(Source records)
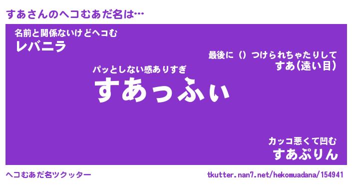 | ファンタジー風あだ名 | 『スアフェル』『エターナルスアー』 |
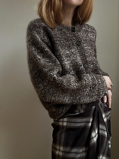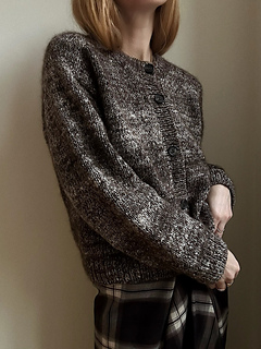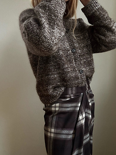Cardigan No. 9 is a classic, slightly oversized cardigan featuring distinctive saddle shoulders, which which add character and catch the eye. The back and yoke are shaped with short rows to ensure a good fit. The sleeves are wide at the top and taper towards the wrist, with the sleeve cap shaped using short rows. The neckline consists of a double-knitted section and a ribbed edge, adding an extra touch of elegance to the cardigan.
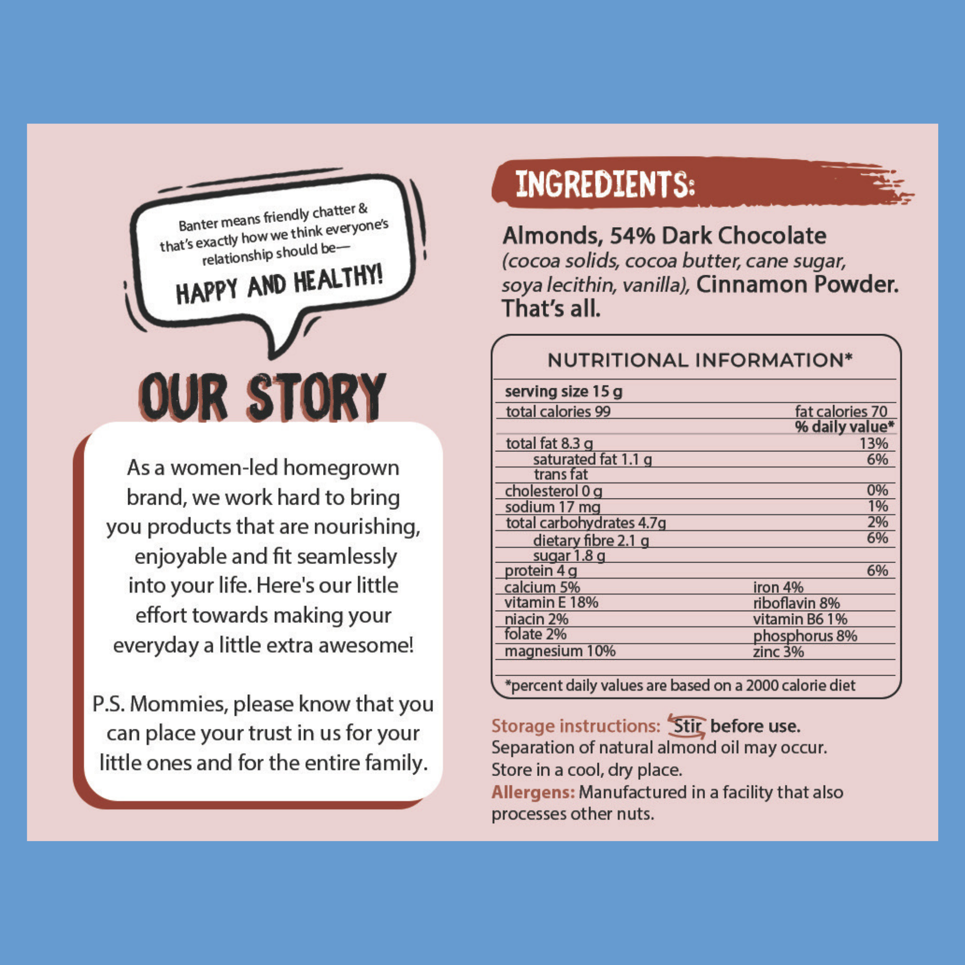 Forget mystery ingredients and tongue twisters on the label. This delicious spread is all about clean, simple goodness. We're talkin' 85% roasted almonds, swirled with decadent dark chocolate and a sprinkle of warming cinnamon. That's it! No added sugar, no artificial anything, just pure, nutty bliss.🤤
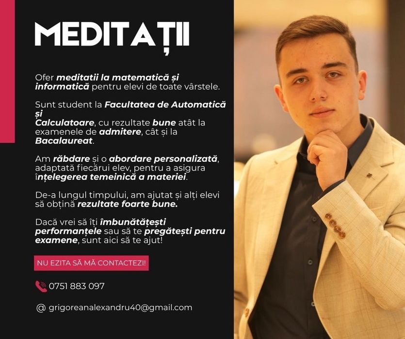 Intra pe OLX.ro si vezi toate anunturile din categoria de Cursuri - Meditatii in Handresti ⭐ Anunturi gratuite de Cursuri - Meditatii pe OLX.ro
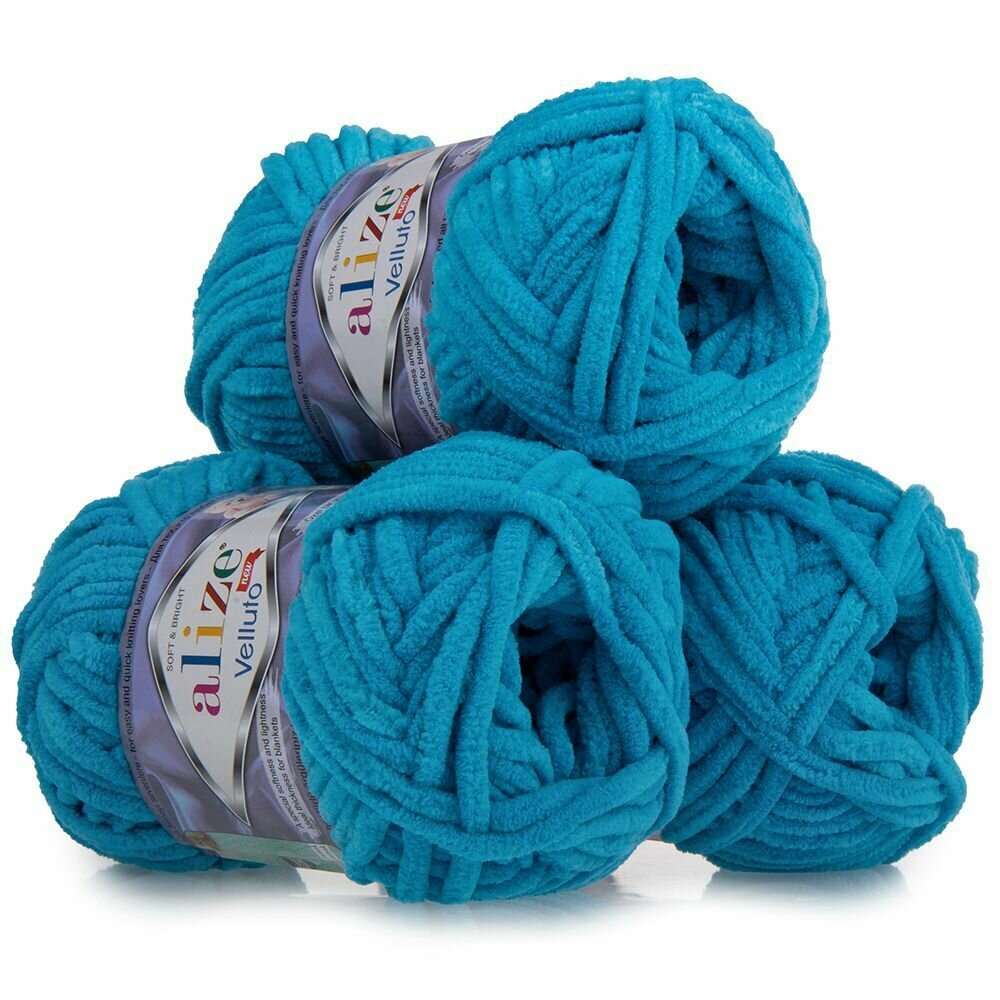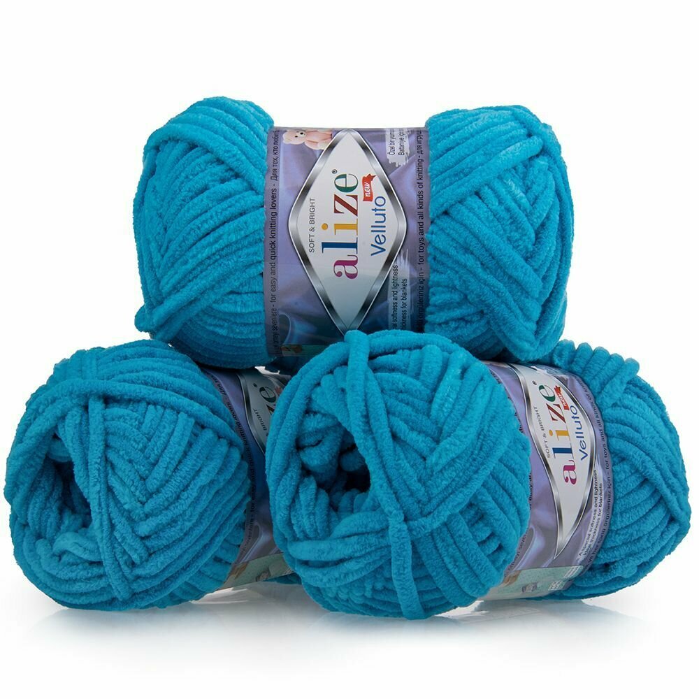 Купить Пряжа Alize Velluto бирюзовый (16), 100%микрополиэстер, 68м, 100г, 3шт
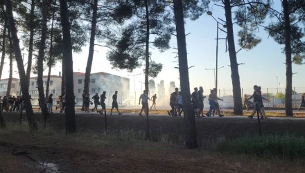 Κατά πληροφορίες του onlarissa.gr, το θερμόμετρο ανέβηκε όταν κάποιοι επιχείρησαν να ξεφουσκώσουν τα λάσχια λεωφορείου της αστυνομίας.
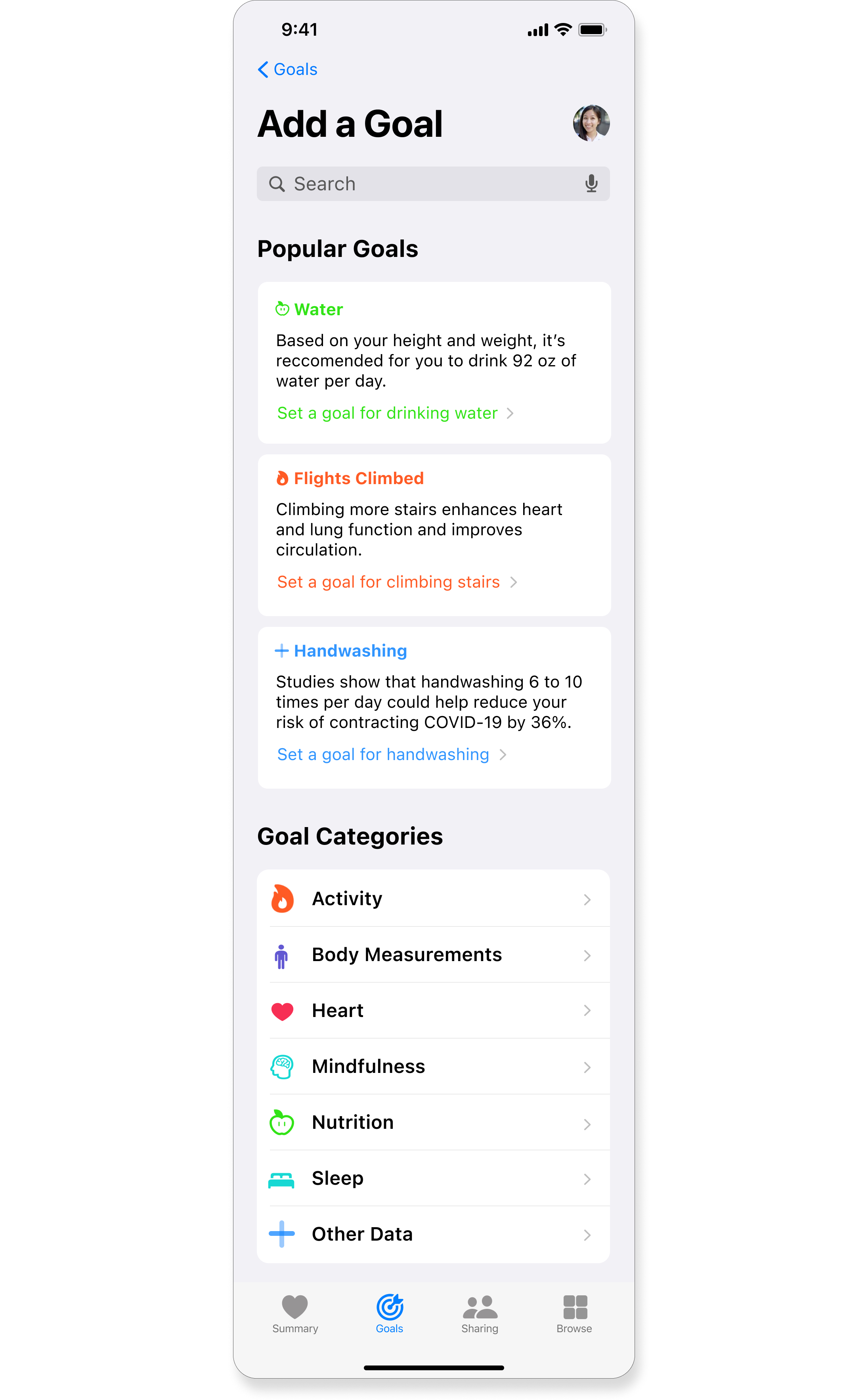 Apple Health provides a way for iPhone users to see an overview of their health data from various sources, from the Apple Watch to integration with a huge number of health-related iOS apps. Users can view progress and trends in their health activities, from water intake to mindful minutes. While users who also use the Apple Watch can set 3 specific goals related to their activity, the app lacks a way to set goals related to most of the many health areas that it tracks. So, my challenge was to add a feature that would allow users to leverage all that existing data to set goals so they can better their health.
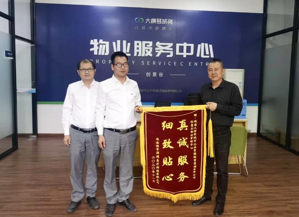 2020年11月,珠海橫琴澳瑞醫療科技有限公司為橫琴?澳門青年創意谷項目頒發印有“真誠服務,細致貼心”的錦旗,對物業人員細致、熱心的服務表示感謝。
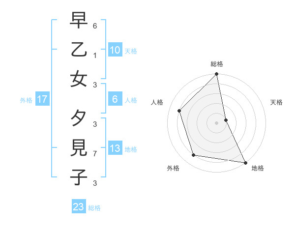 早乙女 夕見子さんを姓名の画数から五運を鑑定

- **What is required**:
Although the records hold pictures, return only what remains, word for word.

- **Solved exercise**:
 | ファンタジー風あだ名 | 『スアフェル』『エターナルスアー』 |
Cardigan No. 9 is a classic, slightly oversized cardigan featuring distinctive saddle shoulders, which which add character and catch the eye. The back and yoke are shaped with short rows to ensure a good fit. The sleeves are wide at the top and taper towards the wrist, with the sleeve cap shaped using short rows. The neckline consists of a double-knitted section and a ribbed edge, adding an extra touch of elegance to the cardigan.
 Forget mystery ingredients and tongue twisters on the label. This delicious spread is all about clean, simple goodness. We're talkin' 85% roasted almonds, swirled with decadent dark chocolate and a sprinkle of warming cinnamon. That's it! No added sugar, no artificial anything, just pure, nutty bliss.🤤
 Intra pe OLX.ro si vezi toate anunturile din categoria de Cursuri - Meditatii in Handresti ⭐ Anunturi gratuite de Cursuri - Meditatii pe OLX.ro
 Купить Пряжа Alize Velluto бирюзовый (16), 100%микрополиэстер, 68м, 100г, 3шт
 Κατά πληροφορίες του onlarissa.gr, το θερμόμετρο ανέβηκε όταν κάποιοι επιχείρησαν να ξεφουσκώσουν τα λάσχια λεωφορείου της αστυνομίας.
 Apple Health provides a way for iPhone users to see an overview of their health data from various sources, from the Apple Watch to integration with a huge number of health-related iOS apps. Users can view progress and trends in their health activities, from water intake to mindful minutes. While users who also use the Apple Watch can set 3 specific goals related to their activity, the app lacks a way to set goals related to most of the many health areas that it tracks. So, my challenge was to add a feature that would allow users to leverage all that existing data to set goals so they can better their health.
 2020年11月,珠海橫琴澳瑞醫療科技有限公司為橫琴?澳門青年創意谷項目頒發印有“真誠服務,細致貼心”的錦旗,對物業人員細致、熱心的服務表示感謝。
 早乙女 夕見子さんを姓名の画数から五運を鑑定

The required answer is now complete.